С этими словами желчный приор отбыл, в раздражении хромая сильней, чем обычно, заставив Брихина в очередной раз вздохнуть о том, что от порядочных людей в деле – всегда одни неприятности.

Замок Танталлон, Ист-Лотиан, Шотландия
Шотландия, Ист-Лотиан, Танталлон, весна 1543
Но более всего склонило Питтендрейка к задумчивости письмо, так кстати полученное им из Лондона, где секретарем короля под диктовку Генриха указывались лорды, достойные доверия и полностью «убежденные» Его величеством – и в первых строках там был упомянут именно Белокурый… В Танталлоне, взятом обратно Ангусом, на каменном мысу, откуда вдаль видно так далеко, что душа парит над морем в высотах, сравнимых разве с гордыней рода Дуглас, в северной башне, в покоях, где было тепло и немного душно, у протопленного до адского жара камина сэр Джордж повторно развернул это письмо – для брата, для Арчибальда Дугласа.

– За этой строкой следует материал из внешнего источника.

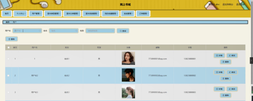 用户管理,在用户管理页面可以对索引、用户名、姓名、性别、头像、邮箱、手机等信息进行详情,修改或删除等操作,如图5-8所示。

– Король советует найти еще согласных, чтобы подписать статьи… сотня его устроила бы.
– Об английском браке? – хмуро спросил Ангус.
– Да. И о том, что если этот брак не состоится, мы поможем ему захватить Файф и превратить его в английский надел.
– Сотня… губа у него не дура, у бывшего моего деверя. Глупости это, Джордж – надеюсь, ты понимаешь.
– Я-то понимаю, но что с того?
Эти двое однажды уже потеряли все, третий, Килспинди «Серая сталь», лег в землю, пепел четвертой, леди Глэмис, развеял ветер над Эдинбургской скалой… Они могли выжидать, ошибаться, принимать сомнительные решения, но так чудовищно братья Дуглас не ошибутся уже никогда, не имеют права. Короткопалые руки Питтендрейка с редким изяществом сложили бумагу – аккуратно, словно касаясь тонкой безделушки – перед тем, как отправить ее в камин. С людьми по способу обращения он поступал примерно так же.
– Что говорит Садлер? – спросил брата Ангус, пробудясь от продолжительного молчания.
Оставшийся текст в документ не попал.